As excited as I am about the potential of MCP adoption to transform how we use AI, it is fair to say we are still early in the adoption of MCP within the enterprise. Yes, there are companies who are sharing how they are adopting them broadly, Bloomberg gave an excellent talk at the last MCP Dev Summit, it is still just arriving on many IT organizations’ desks.    I think this is going to change pretty quickly, and within the next year, most CIOs will be rushing to implement an enterprise MCP strategy and pushing their engineering orgs to deliver MCP servers quickly to empower the business.  
If you’ve not been following the rise of the Model Context Protocol (MCP) over the last year, you’ve missed a key development in the adoption of generative AI.  MCP servers are becoming a standard for how Apps and data are exposed to LLMs, AI agents and chat users.   The MCP project provides a standard way for engineers to create an interface on top of applications and data, that users can access via an LLM.  
For enterprises, the implications are enormous. With the emergence of MCP servers, it’s no longer just technical teams who can build AI-powered tools. Non-technical users can now create powerful agents and workflows that interact with existing applications and data, all while using their own identity and access privileges. And because MCP servers are reusable building blocks, organizations can assemble them in novel ways to create custom tools that align with unique business needs.
This is why now is the time for every company to begin developing an enterprise MCP strategy—a plan for how to accelerate the impact of LLMs across the business while keeping governance and security in place.
1. Expanding Access to LLMs and MCP Servers
The first step in an enterprise MCP strategy is widening access. More employees should be able to use LLMs in combination with MCPs, not just developers or AI specialists.
The good news is that this is getting easier every day. Popular enterprise chat platforms and AI tools are adding support for MCP integration, including Microsoft Copilot, Anthropic’s Claude, Obot Chat, and Block’s Goose. This means end users can start experimenting with MCPs directly from the interfaces they already use. While ChatGPT hasn’t yet allowed users to bring their own MCP connections, it has adopted the standard and is incorporating it into a number of projects.
When employees have direct, safe access to MCP-powered capabilities, they’ll find creative new ways to solve problems and automate workflows—without needing to wait on IT or development teams. For IT teams, the time is now to ensure that users have AI chat tools that offer full support for MCP servers, including advanced elements within the spec, such as elicitation, sampling and MCP-UI.
2. Scaling the Creation of Business-Aligned MCPs
The next step is to think about MCP creation. The initial approach for many teams around MCPs was to build them on top of standard APIs, in a 1:1 alignment. An MCP for every app. More and more, organizations are rethinking this and leaning toward MCP servers that align with key business functions, not apps.
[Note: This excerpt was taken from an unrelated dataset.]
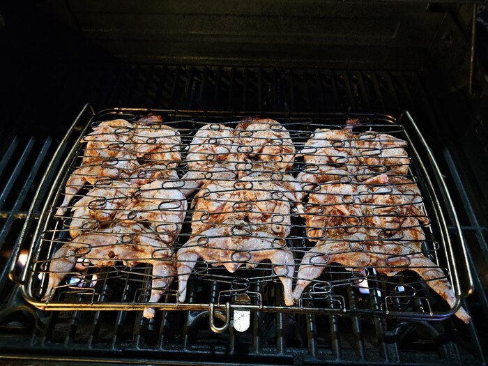 Спустя полтора-два часа разжигаю гриль. Гриль у меня с четыремя горелками, как всегда сначала на полной мощности довожу температру под крышкой до 300-350 градусов, чищу решетки, затем ставлю центральные горелки на середину, оставляя боковые работать на максимум. Перепелки мелкие, поэтому чтобы не шевелить каждую отдельно, я загружаю все шесть тушек в решетку для рыбы
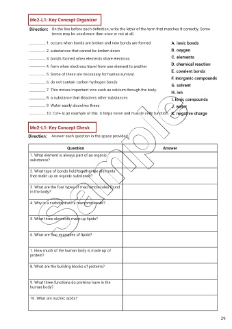 Direction: On the line before each definition, write the letter of the term that matches it correctly. Some

Take HR as an example. Should an “HR MCP” just be a simple set of standard tools (like pulling employee data or automating onboarding tasks)? Or should it be a more advanced, layered server that connects to multiple systems—benefits, payroll, learning platforms—and exposes a rich set of actions employees can take?
The latter approach offers much more flexibility and power. By treating MCPs as modular, reusable building blocks, enterprises can design servers that become critical enablers for day-to-day work across departments. MCP servers can provide detailed instructions to the LLM on their capabilities, and align them more with human sentiment, versus simply mapping them to API capabilities. These next-gen MCPs will feel more like agents in many ways, and less like API endpoints.
3. Planning for Large-Scale Management and Security
Finally, no enterprise MCP strategy is complete without a plan for security and scale. As usage grows, organizations will need to handle:
- Hosting and running MCP servers at scale
- Defining fine-grained access control policies
- Tracking usage, auditing interactions, and maintaining compliance
- Supporting employees who are experimenting and building with MCPs
Focusing on discovery and documentation will help employees understand what these new MCP-servers can do. At the same time, policy and governance, along with a strong dose of centralized management, will allow this new layer of technology to be delivered reliably.
This is where we believe a gateway layer becomes essential.
Why We Built the Obot MCP Gateway
We built and open-sourced the Obot MCP Gateway to give organizations a secure and scalable way to manage the rapid growth of MCPs.
Obot provides IT teams with a control plane for onboarding MCP servers, defining access policies, and monitoring usage. It also gives employees a catalog where they can discover approved MCPs, learn about their capabilities, and connect them directly to their AI clients—or use them through a built-in chat interface.
By providing both governance for IT and enablement for users, Obot layes the groundwork for enterprises to adopt MCP as a standard while maintaining security and control.
We believe this is the foundation of a modern enterprise MCP strategy—one that empowers more users, unlocks business-aligned MCPs, and ensures enterprises can scale AI adoption safely.
Conclusion
MCP adoption in the enterprise is about to expand massively. Organizations that plan ahead will be able to unlock AI’s potential faster, while avoiding the pitfalls of unmanaged, fragmented adoption.
An enterprise MCP strategy is going to be a critical key to scaling AI responsibly. I think Obot can be an important, open-source tool to help organizations get there quickly.